14

See this simple Ruby class:

require 'byebug'

class Foo
  def run
    byebug

    puts defined?(bar)
    puts bar.inspect

    bar = 'local string'

    puts defined?(bar)
    puts bar.inspect
  end

  def bar
    'string from method'
  end
end

Foo.new.run

When running this class the following behavior can be observed in the debugger's console:

    $ ruby byebug.rb

    [2, 11] in /../test.rb
        2:
        3: class Foo
        4:   def run
        5:     byebug
        6:
    =>  7:     puts defined?(bar)
        8:     puts bar.inspect
        9:
       10:     bar = 'local string'
       11:

At the breakpoint the debugger returns the following values:

    (byebug) defined?(bar)
    "local-variable"
    (byebug) bar.inspect
    "nil"

Note that - although the debugger's breakpoint is in line #5 - it already knows that there will be a local variable bar defined in line #10 that will shadow the method bar and the debugger is actually not able anymore to call the bar method.
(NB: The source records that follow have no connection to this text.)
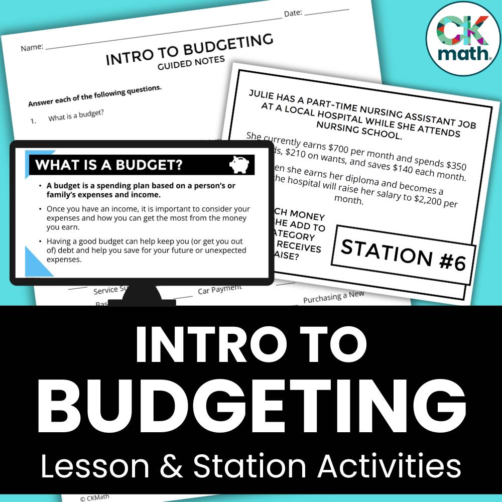 This personal finance budgeting lesson includes Google Slides, a guided notes worksheet, and 10 station activities with a recording worksheet. Students will be introduced to the basic concepts of budgeting and will learn to use a 50/30/20 budget strategy. Answer Keys included!
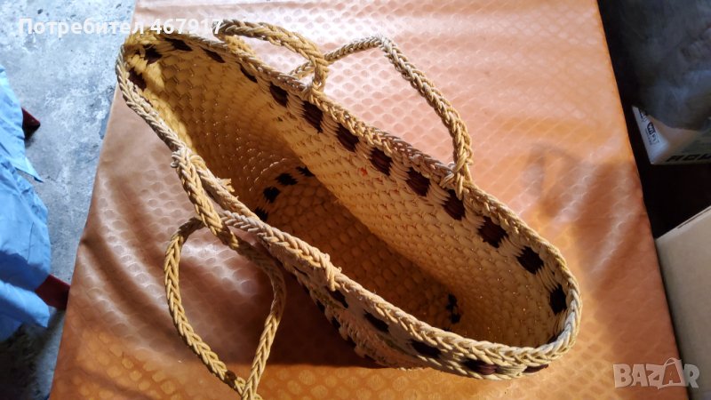 Голяма плетена чанта - тип "кошница". Чантата е с 1 отвор; плоско дъно, без ципове. Снимки 1 и 2
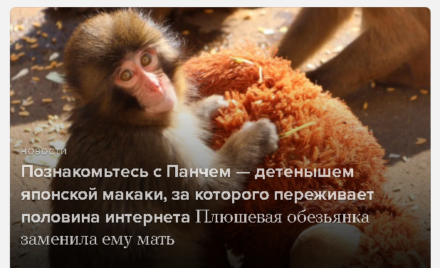 Познакомьтесь с Панчем — детенышем японской макаки, за которого переживает половина интернета. Плюшевая обезьянка заменила ему мать
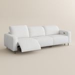 116" Luxury French Creamy Dual Power Reclining Sofa with Independent Headrest & Footrest,
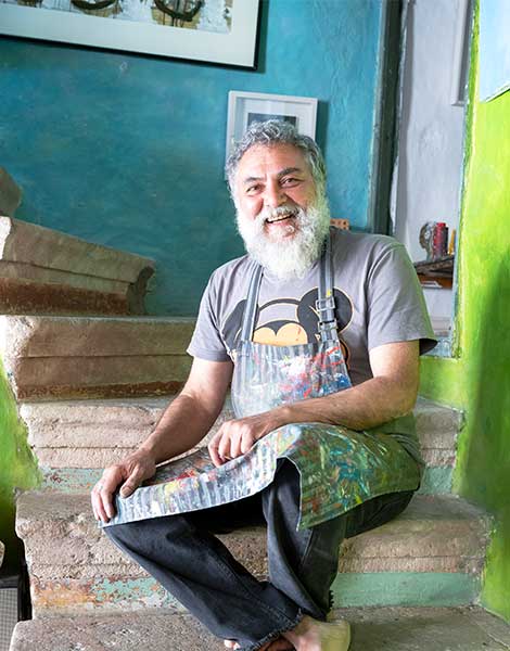 Andreas Kalatzis at his gallery in Hora, where works by renowned Greek artists are on display.
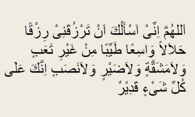 Allahumma innii as aluka an tarzuqanii rizqan halaalan waasi’an thayyiban min ghairita’abin wala masyaqqatin walaa dhoirin wa laa nashabin innaka ‘alaa kulli syai in qadiir.
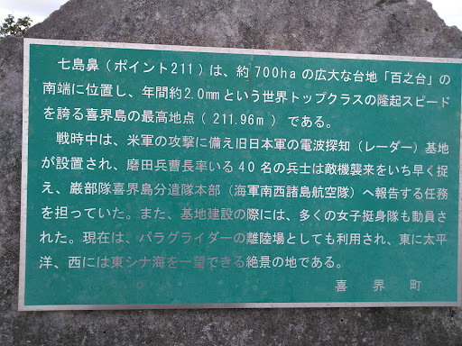 Read more七島鼻(ポイント211)は、約700haの広大な台地「百之台」の南端に位置し、いまだに年間約2.0mmという世界トップクラスの隆起スピードを誇る喜界島の最高地点(211.96m)です。 戦時中は米国の攻撃に備え旧日本軍のレーダー基地が設置され、敵機襲来をいち早く捉え海軍南西諸島航空隊へ報告する任務を担っていました。 現在はパラグライダーの離陸場としても利用され、東には太平洋、西には東シナ海を...

What is doesn't know at this point is that the string 'local string' will be assign to bar. The debugger returns nil for bar.

Let's continue with the original code in the Ruby file and look at its output:

    (byebug) continue
    method
    "string from method"
    local-variable
    "local string"

At run time in line #7 Ruby still knowns that bar is indeed a method and it is still able to call it in line #8. Then l ine #10 actually defines the local variable that shadows the method with the same name and tTherefore Ruby returns like expected in line #12 and #13.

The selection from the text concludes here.